The Rise of Skywalker shows every sign of having been repeatedly dismembered and put together again in the editing room, like a patchwork Frankenstein of a movie. Various versions of scenes were cut, then recut. Then slapped together into a final cut. Then pulled apart again when that version tested badly. Then various teams went back to editing mines to try to cobble together, something else slightly more pleasing testing gods.

It was a very surreal experience to watch this cinematic train wreck. I wasn’t angry like I was when I saw The Last Jedi because all of my disappointments had been front-loaded because almost all of the leaks were accurate. What I saw was hideous but there were no hideous surprises because I had done all of my groaning and eye-rolling well in advance. I was calm and resigned.

This is your spoiler alert but I suspect you already know most of the horrors that lie beneath this sentence already.

The movie starts with the standard title followed by a screen crawl that tells you almost nothing. There is has been a galaxy-wide transmission from Palpatine. Remember him. The guy Darth Vader threw down the light shaft in Return of the Jedi?

Well, it turns out that Anakin Skywalker’s entire redemption story arc was a complete waste of his life and your time because Palpatine survived being chucked into a bottomless pit and then getting blown up in a Deathstar explosion.

Trevor Lynch didn’t like it any better:

Even I didn’t expect Star Wars: The Rise of Skywalker to be this bad. It is simply a terrible movie: derivative, incoherent, arbitrary, superficial, and deeply boring and uninvolving—despite, or maybe because of, the frenetic action sequences, dazzling duels, and effects so special they’ll leave carbon scoring on your eyeballs.

The Rise of Skywalker is 2 hours, 22 minutes long, which is long enough, but it feels even longer. I saw it in a half-empty theatre, and when Harrison Ford showed up on the screen, a whole row of people began streaming toward the exits. It would have been the last straw for me too, but I had my duty to you, dear reader, to sustain me….

Since Abrams and Johnson managed to remake and mock the whole original trilogy in only two films, Abrams was in an uncomfortable position in The Rise of Skywalker: he might have to actually come up with something original. Of course he tries to minimize the shock of doing something really new by bringing back the original cast some more. Luke and Han Solo are both dead, but Luke comes back as a ghost and Han as a figment of his son’s imagination. Carrie Fisher really is dead, but Abrams cleverly incorporates unused footage from the first movie. He also finds Billy Dee Williams in carbonite to reprise the role of Lando Calrissian. But the greatest surprise is that he resurrects Emperor Palpatine.

Yes, I know, the last time we saw Emperor Palpatine, he was thrown down a shaft in the second Death Star, followed by a big explosion that we interpreted as the release of malign energies when he went splat at the bottom, followed by the destruction of the whole damn Death Star, to add an even greater air of finality.

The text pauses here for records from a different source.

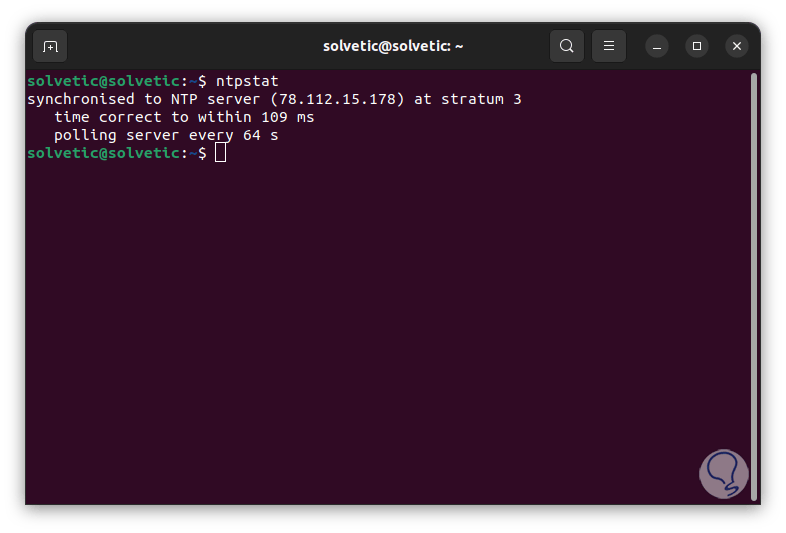 El comando ntpstat nos muestra el estado de sincronización de la hora de la red, allí encontramos con cual servidor se ha sincronizado (78.112.15.178) sobre que nivel (3), cuanto tardo la sincronización (109 ms) y cada cuanto se ejecuta el proceso (64 s).
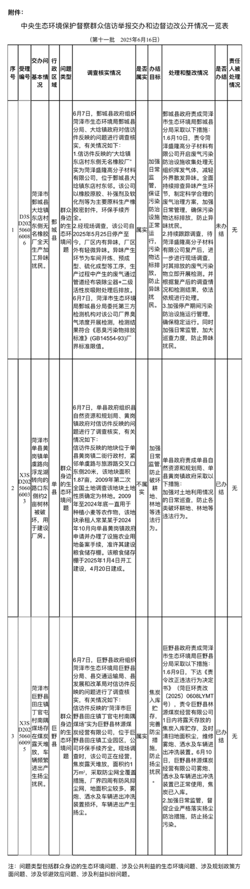 附件:中央生態(tài)環(huán)境保護(hù)督察群眾信訪舉報轉(zhuǎn)辦和邊督邊改公開情況一覽表(第十一批)
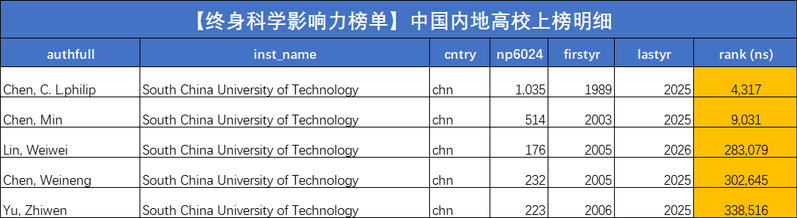 Among them, Chen Junlong, Chen Min, Lin Weiwei, Chen Weineng, and Yu Zhiwen were additionally named to the Career-long Scientific Impact list.

But, as in the Roadrunner cartoons, when Wile E. Coyote falls to his death through a portable hole, or blows himself up with a bomb, or gets an anvil dropped on his head, only to be magically resurrected moments later for further adventures with the bird, Palpatine is back to spare Jar Jar Abrams the necessity of coming up with a new villain after Rian Johnson casually dispensed with Snoke.

The trouble is that, for all his Gungans and Ewoks and juvenile dialogue, George Lucas’ Star Wars still had a bit more realism and existential heft and credibility than Roadrunner cartoons.

As has been my custom with every Star Wars movie since The Phantom Menace, I will honor my childhood affection for the original film by refusing to see the latest.